I Went Dancing With Red Bull Last Weekend
The Dance Your Style competition made an entire audience move for one night only.
By Charlotte Barnett
Photos by Morganne Boulden

Published
The energy was kinetic at Webster Hall this past Saturday as the Red Bull Dance Your Style street-dance competition landed for its first-ever New York event. The crowd gathered early, with the eager front few rows of audience members seated on the ground around the perimeter of the dance floor while DJ Tim Fields warmed up the crowd from the stage. Veteran dancer-choreographers Storm Debarge and Comfort Fedoke got the ball rolling as dynamic hosts of the Takis, DoorDash, and Metro PCS-sponsored event, which they were obliged to shout out. Dancers aren’t usually the first athletes to land brand sponsorships, so it was charming to be at a dance event that could lean into a corporate capitalistic aesthetic. “It’s going to be insane,” the girl next to me, who dances hip hop just “casually, for fun,” informed me. She and her friends were fans of Ladies of Hip Hop, a non-profit organization set to perform that evening with the LA-based women’s dance collective THECouncil.
The rules of the battle-format competition were simple: one dancer stands on the red side and one stands on the blue side. They each have two rounds to improvise in any style of their choice. The audience then votes by holding up a light-up wristband, which could be set to red or blue, and Debarge and Fedoke announce the winner after eyeballing the prevalence of either color. An inaccurate democratic method that put a lot of pressure on how crowd-pleasing the dancer’s moves were. And for people like me (underdog-enthusiast), picking which of the talented dancers was subjectively more talented was a particular kind of torture. Every dancer ate, every dancer was good.
Like, really good. Each dancer was technical, stylistic, and charismatic in their own way. The variety of styles kept the crowd entertained with constant originality—voguing vs. hip-hop, krumping vs. flexing, locking vs. litefeet. Brea, a cool-girl dancer from Georgia dressed in baggy jeans, a grey sweatshirt, pink braids, and tiny pink-lensed sunglasses, was a particular crowd favorite with her blend of afrobeat footwork and showstopping death drops. A dancer named Murkyy locked with insane and impeccable control, but lost out to a dancer who worked the audience a bit more. A stunt-savvy dancer who goes by Arsenal was another fan favorite. An evening highlight was during Arsenal’s round in the quarter-finals, where he (never stopping his fancy footwork) grabbed a water bottle from an audience member, used it to prop up his phone, and invited his competition, a dancer named Stepz, to dance with him for a video. Always be filming content, people! It was extremely cute—they hugged after like old friends and the crowd went wild.
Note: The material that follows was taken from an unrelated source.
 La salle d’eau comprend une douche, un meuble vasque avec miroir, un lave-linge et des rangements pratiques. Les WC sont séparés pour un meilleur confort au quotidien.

It should be noted that everyone in the crowd was a dancer, or at least looked like one, wearing their cleanest Air Jordans or rare Adidas collaborations with baggy street-style clothes, as if ready to bust a move should the opportunity arise. People were popping and locking from their criss-cross apple sauce floor seats as they waited for the real dancers to take the stage. And opportunity arose during the interlude before the quarterfinals when singer Moliy performed her afro-fusion pop songs. Moliy, with long glittery braids and ripped fishnets, came in hot and demanded more energy from the seated crowd. When someone in the audience finally stood up to dance, she invited him up with her and, unsurprisingly, he turned out to be basically a professional dancer who could improvise as well as the evening’s competitors. During her next song, Moliy invited “all the baddies” to join her, and several very hot girls walked onto the floor and twerked like professionals. Magic. At the end of the night, some of the crowd moved downstairs to Deluxx Fluxx for the after party. Everybody who had been on the sidelines earlier now had their chance to whip out their hip-hop routines on the dance floor. Something about this felt like a scene out of Camp Rock or adjacent to the memes of Australian Olympic breakdancer Raygun that went viral last summer, but I’m happy everyone had their moment. I couldn’t keep up.
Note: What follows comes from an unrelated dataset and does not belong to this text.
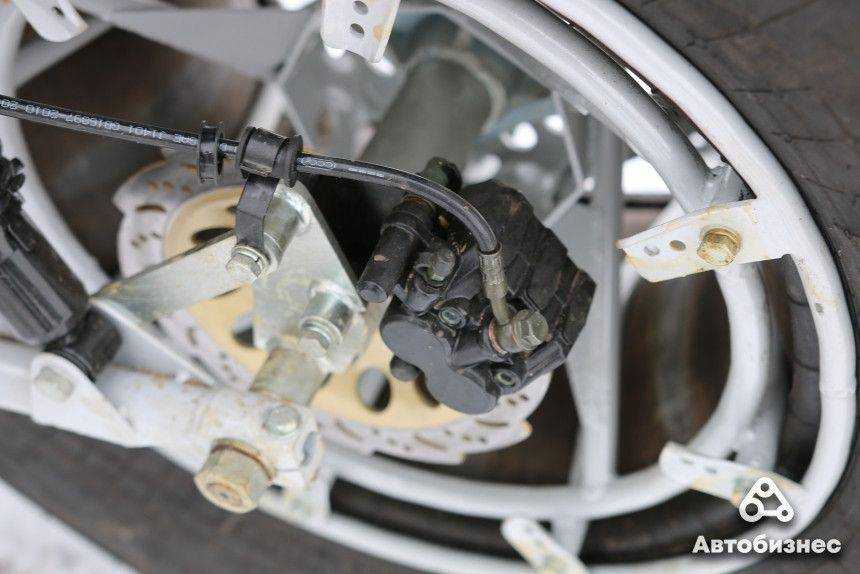 Передние и задние тормоза дисковые, оснащены гидроприводом. Управление передним тормозом осуществляется как на классических мотоциклах, то есть ручным приводом, локализующимся на руле. Задний тормоз управляется ножным приводом.

In the end, vying to advance to the Regional Qualifier in Kansas City, it came down to my favorite competitor of the evening, a Harlem-based dancer named Jackie who somehow kept her sporty silver sunglasses on through multiple jump splits and kick-ups, versus Arsenal. Arsenal again proved his mastery of performative stunts by tearing off his shirt and ending up on stage by DJ Tim Fields, getting the rest of the dancers and the crowd to bump with him to the beat; it was inevitable that this would win him the trophy. His charisma was undeniable.
A woman near me at the show told me that she goes to dance battles in the city all the time. When I asked her where she goes to see them, she said, “Just… around,” which felt like gatekeeping, until I left Deluxx Fluxx and found a mini dance battle instigated out front with a small circle of dancers. Dance battles are all around us! If you saw the magnetic dancers of Red Bull Dance Your Style and engaged in the room's electric, overwhelmingly positive energy, you’d be just as inspired to krump against your friends.